Unbelievable. Investors should have gone after that executive team with guns blazing in a lawsuit. They even made sales pump up pipeline numbers by telling us if anyone even picks up the phone, it is a 20 percent opportunity. Then post-acquisition, if you deleted those inflated opportunities, the same executive team (CEO) would literally email you within five minutes demanding an explanation.


When the going got tough, the C-suite exec refused to take responsibility for any of the struggles being dealt with by the staff that reported to him. In fact, he was quite adept at not listening and throwing people under the bus. Finally got to the point where I got on the bus and rode off to another job.


My company was purchased and I did not believe in the management or strategy of the acquiring company.


I found termination for cause suasive.


Toxic medical director, toxic culture , being treated like three year olds .


My director seemed to be semi-sabotaging our market install. At core team meetings, she would ask leaders whether they were on schedule, and upon hearing they weren’t, she would only say OK before moving to the next person. We were months and about a million over. She knew I thought we should ask people what the hold-up was, if they needed help, more training, etc. We had a planned core team meeting with the market CFO to give a status and tell him whether we felt on track and could make our live date. My manager came in to my office right before the meeting and told me to keep my mouth shut at the meeting. I sent my resume out the next week.


When my boss left, and HIS boss left within a day of each other. This was just after a new CEO took over.


My division was sold. The buyer offered a voluntary severance package within two weeks of the sale being final.


My company was acquired by a competitor. That’s probably the most obvious sign that’s it’s time to move on.


Our company was acquired.
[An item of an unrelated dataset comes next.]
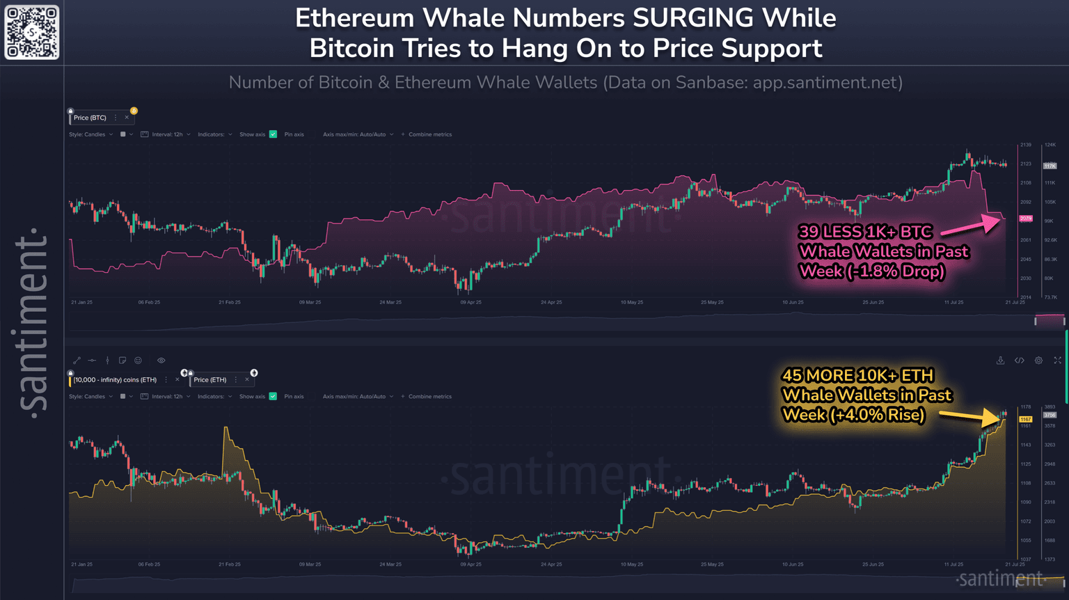 Bitcoin Whale Numbers Drop, Perhaps Moving Over to Ethereum?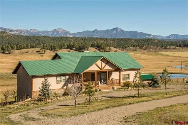 Reduced $50,000! Rare find! This property features, *Tremendous Views of the San Juan Mountains, *28 acre Horse property, *Water Rights, *Close to town, *No covenants, *Low maintenance home. Comfortable 2660 sf 4 bdr 3.5 ba home featuring 200 year old Pine flooring from a brewery in Atlanta, Moss rock wood burning Fireplace. Open kitchen to the dining room and large deck. Private master bedroom on main level, his and hers walk-in closets, double vanity and slate shower. The finished walk-out basement has a big family room, 3 bdrms plus office and gas log stove. The land of this lovely property is very lush and has a small barn with stall and hay storage. City water, Natural gas, Phone and Electric to the property.

Marketing and accounting are the first to go.


Continually getting new “managers” who kept asking me how they should do their job.


When I realize the culture and the legacy leadership was never going to change.


My boss, the CIO of a large, multi-state IDN, falling asleep in my annual performance review.


New CEO hired through board member good-old-boy network was threatened by my skills and influence over the organization. Good thing my employment contract had a decent severance clause. CEO actually offered to extend the severance for signing a draconian non-compete agreement that went far beyond original employment contract. I turned him down. CEO was fired by the board a few months later after running the company into the ground with extravagant spending on a flawed strategy.


I decided to leave my job when I was told the CFO wouldn’t support me to be named the director of the business unit I was already leading. She would have to sign off on the position even though it didn’t report up through her. We had brought in $5m of unbudgeted money into the organization. It was a political mess and I am so glad that I left for a similar director position.